Mamelund dołączył do THW w sierpniu 2015 roku jako zastępstwo dla odchodzącego do Barcelony Filipa Jichy. - Kiedy Kiel zadzwoniło do mnie, nie mogłem w to uwierzyć. Nie ma innej drużyny na świecie, dla której chciałbym opuścić Norwegię - mówił wówczas.
Transfer Mamelunda do Kiel wydawał się na początku sezonu rozwiązaniem awaryjnym.
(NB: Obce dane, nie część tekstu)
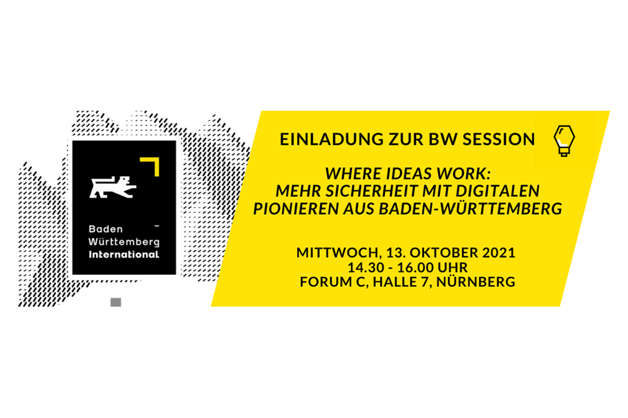Am 13. Oktober findet von 14:30 - 16:00 Uhr die Baden-Württemberg Session auf der IT-Security Messe it-sa 2021 in Nürnberg unter dem Motto: „Where ideas work: Mehr Sicherheit mit digitalen Pionieren aus Baden-Württemberg“ statt.
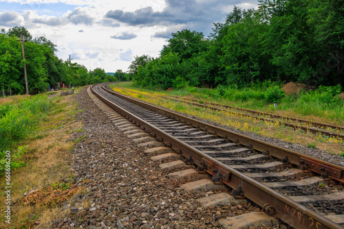 railroad, railway, landscape, track, travel, steel, transportation, rail, nature, train, road, way, iron, journey, sky, line, perspective, green, industrial, metal, forest, path, direction, old, transit, station, speed, summer, background, country, rural, tree, locomotive, grass, sun, gravel, rust-eaten, abandoned, cargo, crossing, tour tourism, concept, shipping, ballast, motion, heavy, bridge, logistic

Norweg miał zwiększyć nieco rywalizację na rozegraniu w ekipie Alfreda Gislasona, ale od samego początku Islandczyk wykorzystuje 31-latka głównie w defensywie.
Wydawało się, że wraz z powrotem do gry Patricka Wiencka i René Toft Hansena, w THW po prostu zabraknie miejsca dla Mamelunda. Norwegowi poza tym kończy się kontrakt, lecz sam nie wyklucza, że pozostanie w Kilonii na kolejny rok.
- Na początku sezonu ustaliliśmy, że do czasu kwalifikacji do igrzysk olimpijskich nie będziemy prowadzić żadnych rozmów, bym nie tracił czasu i energii na rzeczy niezwiązane z grą. Teraz jeśli do takich rozmów dojdzie, będę też musiał odbyć dyskusję z... żoną - wyjaśnia Mamelund, który ma również ofertę z byłego klubu, Haslum HK.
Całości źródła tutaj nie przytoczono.